If you took that picture exactly from above than yes that that looks a bit wonky.

----------


## Bol Tackshin

For when this is COVID business is all over,  I'd recommend this book.Tuning your compound bow - by Larry Wise. 
https://larrywise.com/product/tuning...ow4th-edition/

 When I still owned a bow it was a real treasure, but I lent it to someone a few years back and it never came back to me.

----------


## silentscope

> If you took that picture exactly from above than yes that that looks a bit wonky.


Is that worth worrying about?

----------


## Stocky

> Is that worth worrying about?


I'd be careful mate. It seems your a bit out of your depth. It's hard to tel from photos but if it is leaning your more likely to derail your bow and have a big fuck up.  It looks like you brought a RTS (ready to shoot) kit. Which is a misnomer. In that they mean it's got all the bits to shoot but is most definitely not tuned. The cams can be moved with bushings if it's similar to my pse which may mean they are out of wack leading to the lean if there is lean (hard to tell from the photos). I'd go to see Paddy Long in Chch after lockdown. Www.bowhunt.co.nz is his website I think.

----------


## silentscope

> I'd be careful mate. It seems your a bit out of your depth. It's hard to tel from photos but if it is leaning your more likely to derail your bow and have a big fuck up.  It looks like you brought a RTS (ready to shoot) kit. Which is a misnomer. In that they mean it's got all the bits to shoot but is most definitely not tuned. The cams can be moved with bushings if it's similar to my pse which may mean they are out of wack leading to the lean if there is lean (hard to tell from the photos). I'd go to see Paddy Long in Chch after lockdown. Www.bowhunt.co.nz is his website I think.


I'm not messing with any of that stuff more just curious of whats normal

----------


## Stocky

> I'm not messing with any of that stuff more just curious of whats normal


What I mean is that to even it out if its a tuning issue you need to usually either swap shims to move cams left or right or add twists to one side on the cable to even up the lean. Both of which require a bow press. What's normal is for the cams limbs and limbs to be parralel with the string. It's not normal to have things not all straight or very close to straight. Derailments are genuinely dodgy and the violence of them often projects the peeps out of the string and has blinded people before.

Shoot it if you like but with the limited info you've provided I'm not going to say it's safe or normal. The irratic bare shaft is telling you something isn't right.

----------


## Boar Freak

I wouldn't shoot it if it's really that much out line. But there is a fairly easy 4 step fix 1. take bow back to place of purchase 2. ask for refund 3. buy Hoyt, Mathews or Bowtech 4. take new bow home and enjoy shooting it.

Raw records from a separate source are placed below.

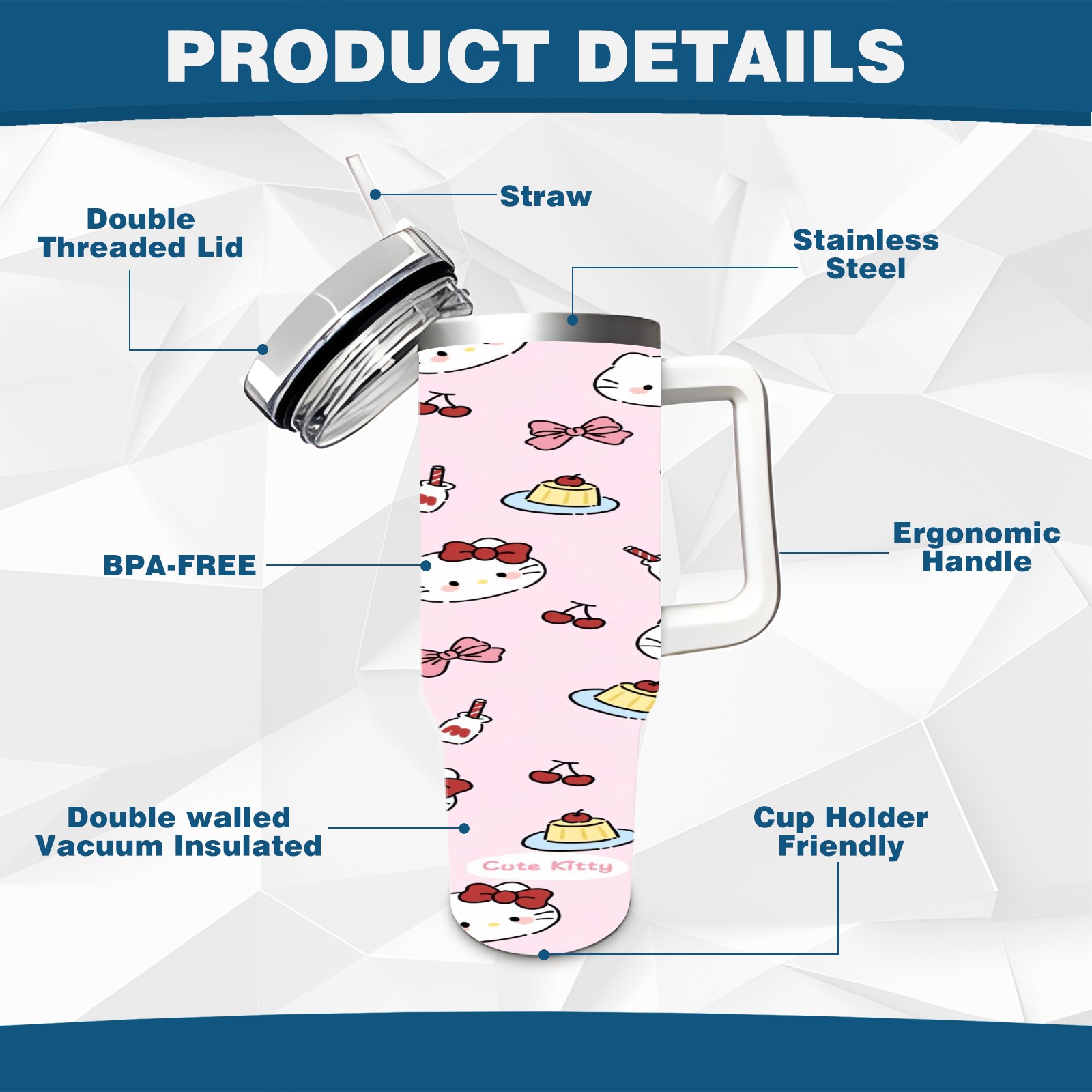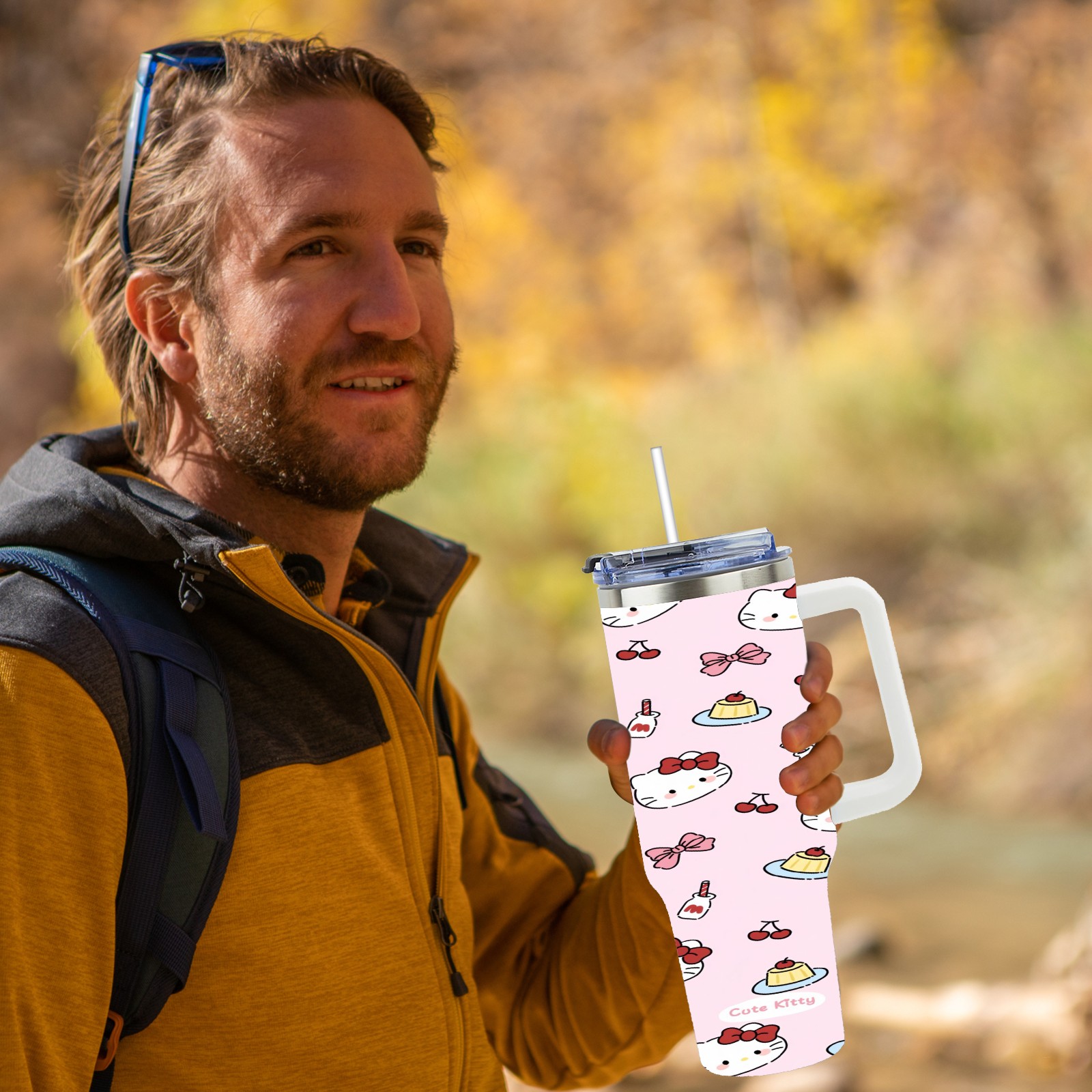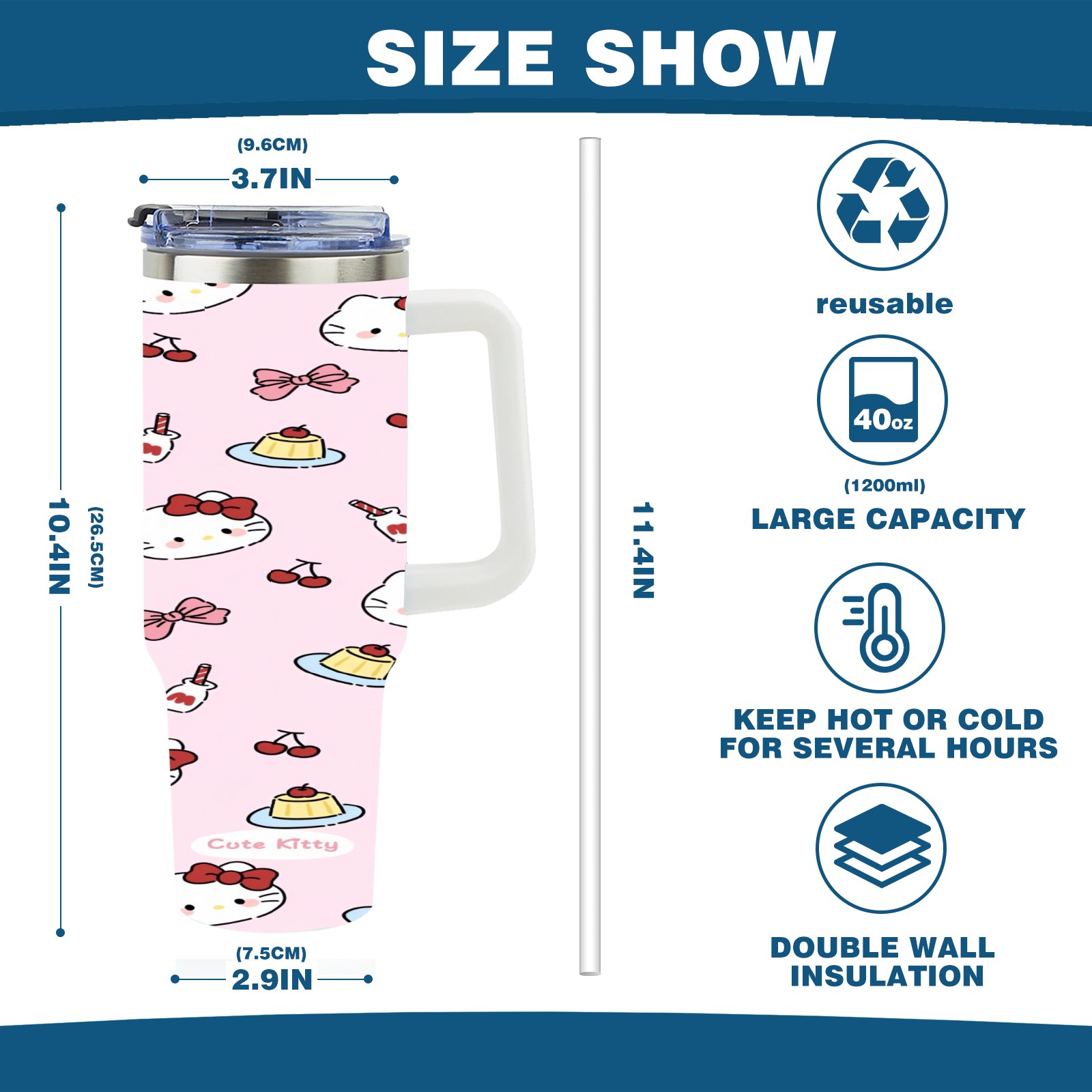 • <p>This multi-functional insulated water bottle features a simple and practical design, suitable for various daily scenarios. The ergonomic handle allows for easy one-handed drinking, and the detachable handle can be adjusted or removed as needed, making it convenient for commuting, exercising, or carrying to meetings. Made of high-quality stainless steel, it is BPA-free and features double-walled vacuum insulation technology that keeps drinks cold for 8 hours and hot for 6 hours, ensuring you can enjoy your beverage at the perfect temperature anytime, anywhere. The 40-ounce Christmas edition comes with a sliding lid, silicone straw, and a non-slip design. Accessories are dishwasher safe, and the narrow bottom and wide mouth design perfectly fits car cup holders. The exclusive flip-top straw lid is environmentally friendly and durable, with a one-touch leak-proof closure and two drinking modes: sip and gulp. A dust cover provides effective protection. This bottle is suitable for travel, office work, sports, camping, and other occasions, making it a thoughtful gift for friends and family.</p>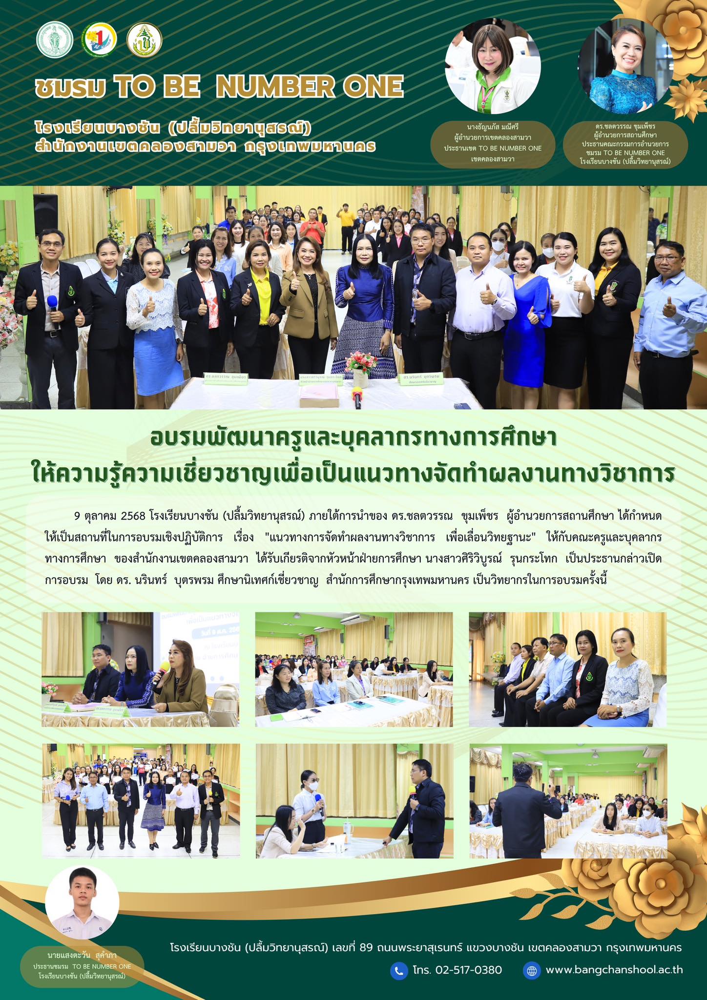9 ตุลาคม 2568 โรงเรียนบางชัน (ปลื้มวิทยานุสรณ์) ภายใต้การนำของ ดร.ชลตวรรณ ขุมเพ็ชร ผู้อำนวยการสถานศึกษา ได้กำหนดให้เป็นสถานที่ในการอบรมเชิงปฏิบัติการ เรื่อง "แนวทางการจัดทำผลงานทางวิชาการ เพื่อเลื่อนวิทยฐานะ" ให้กับคณะครูและบุคลากรทางการศึกษา ของสำนักงานเขตคลองสามวา ได้รับเกียรติจากหัวหน้าฝ่ายการศึก...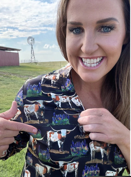 Embrace Texas spirit with the Heart Of Texas Top, featuring stylish quarter sleeves and an eye-catching design of long horns and blue bonnets. This unique combination brings a bold, rustic charm to your wardrobe, perfect for standing out on any occasion. Comfortable and distinctive, it celebrates your love for Texas heritage in a modern, wearable way.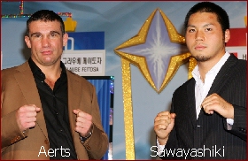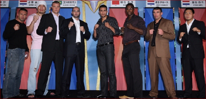 SEOUL, September 30, 2007: The K-1 World Grand Prix '07 Final Eight were determined at the Seoul Olympic Complex this past Saturday night, September 29th. The following day in the Grand Ballroom of the COEX Intercontinental hotel, the first-tier matchups were set for the December 8 Yokohama Arena GP Final. The pairings were decided with a system that combines choice and chance. One after the other, in an order decided by lot, the fighters were free to select any available position on the tournament tree. French K-1 veteran Jerome LeBanner got the first choice, and went to the "A" spot, red corner in the first bout. This is a fighters' favorite, as competing first affords the winner a longer rest period before the semifinals. Twenty-three year-old Japanese wunderkind Junichi Sawayashiki, who had drawn the number two selection, went against the "start early" strategy, opting to avoid LeBanner and instead put himself in the "H" spot, blue corner in the fourth quarterfinal. LeBanner was seen having a bit of a laugh at this. Next up was Korean fighter Hong-Man Choi, and the biggest guy in the tournament, (7'2, 355) who made a bit of a deke on the stage, suggesting he might line up beside Sawayashiki before walking over to the "B" spot and a date with LeBanner. This delighted the Frenchman, who exchanged high-fives with Choi. "I am very happy to fight this giant guy," said LeBanner, "December 8 will be a new Pearl Harbor!" Said Choi: "I am honored to be fighting someone I respect." Two-time WGP Champ Peter Aerts of the Netherlands was up next, taking the spot beside Sawayashiki to set up a fight between the tournament's oldest fighter (Aerts is 36) and the second-youngest (Sawayashiki is 23). |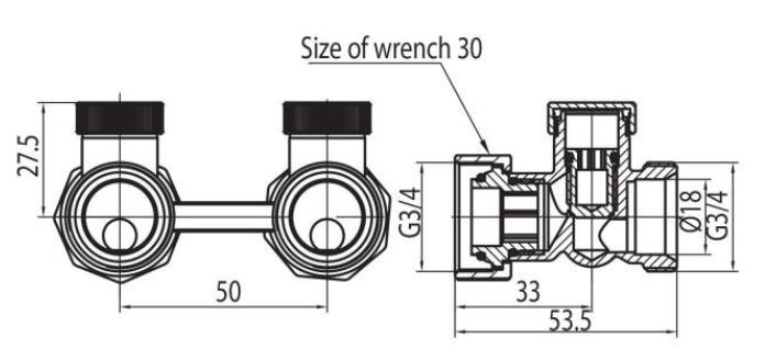 Комплект поєднує в собі міцність виготовлення та точність дії, що перекладається на довготривалу надійність. Сумісність з термостатичними вставками розміром 30x1,5 відкриває широкі можливості конфігурації, а шкала регулювання 0-5 дозволяє точно встановити бажану температуру. Клапани VKO в комплекті полегшують монтаж до радіаторів з виходом 3/4'', завдяки двом втулкам, що додаються.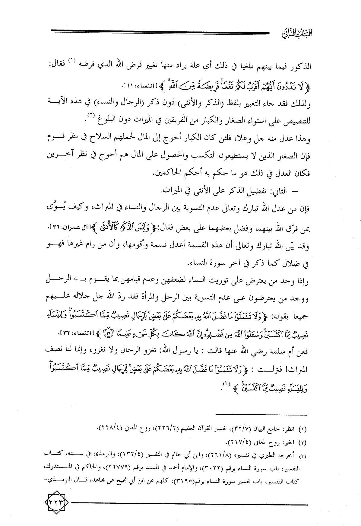 وإذا وجد من يعترض على توريث النساء لضعفهن وعدم قيامهن بما يقوم به الرجل ووجد من يعترضون على عدم التسوية بين الرجل والمرأة فقد ردّ الله جل جلاله عليهم جميعا بقوله: {وَلَا تَتَمَنَّوْا مَا فَضَّلَ اللَّهُ بِهِ بَعْضَكُمْ عَلَى بَعْضٍ لِلرِّجَالِ نَصِيبٌ مِمَّا اكْتَسَبُوا وَلِلنِّسَاءِ نَصِيبٌ مِمَّا اكْتَسَبْنَ وَاسْأَلُوا اللَّهَ مِنْ فَضْلِهِ إِنَّ اللَّهَ كَانَ بِكُلِّ شَيْءٍ عَلِيمًا (٣٢)} [النساء: ٣٢].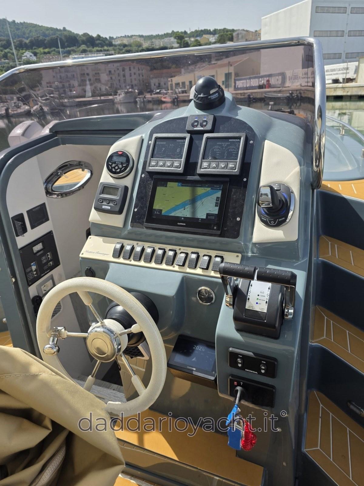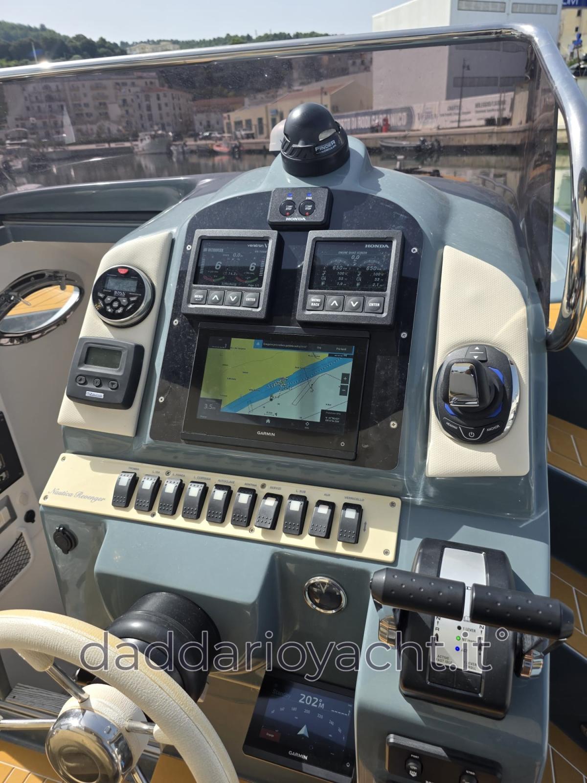 2 Ordinateur fixe de bord, Compteur de chaîne, Sondeur pêche (GARMIN GT23M-TM XDCE 8), GPS (Garmin GPSMAP 923 + CARTOGRAFIA), Joystick, Pilote automatique (REACTOR 4 GARMIN + ANCORA VIRTUALE), Radio VHF (ext).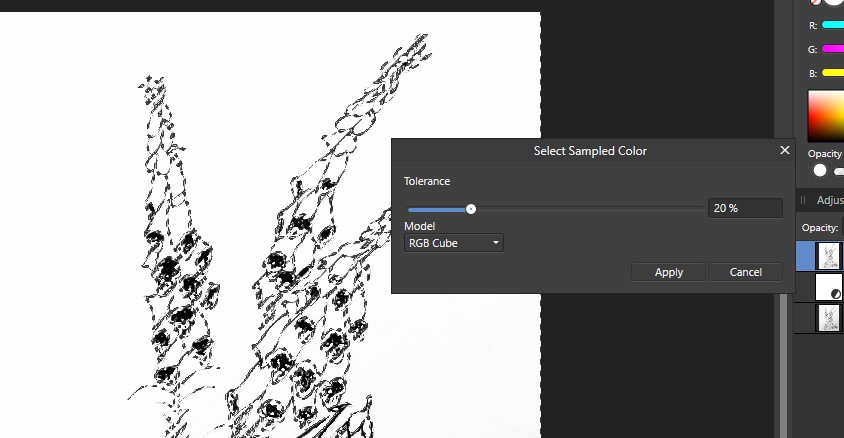Now you can see all the flaws. I’ll use an eraser brush to get that white line off to the left side of the image – it’s the edge of the paper. I’ll use select by color again (at most, I’ll have to do it 3-4 times, 1-2 is more common) to eliminate the gray pixels. At this point, I’ll hide or delete the black layer. Sometimes, for images with delicate lines, I’ll duplicate the image layer, and then set the top one to ‘multiply’ to make darker linework. And then I’ll save it as a png file, checking the box to not save any hidden elements.

 :Grin:  Sorry mate couldn't help it.

Get in touch with shop and ask them to sort it out.

----------


## Tak3o

Hi there,
I don't shoot compounds so I can't help with the how corrections.
What I can tell you is the process to bare shaft tune to get to broadhead.

You first shoot 3 fletched arrows and 3 bareshaft from a close distance, like 3 meters to start with, angles and groups in between the 2 will tell you what to change.
Because you shoot a compound, if you are decent you are going to destroy your arrows, so shoot 3 different points on the target, one bare and one fletched arrow each.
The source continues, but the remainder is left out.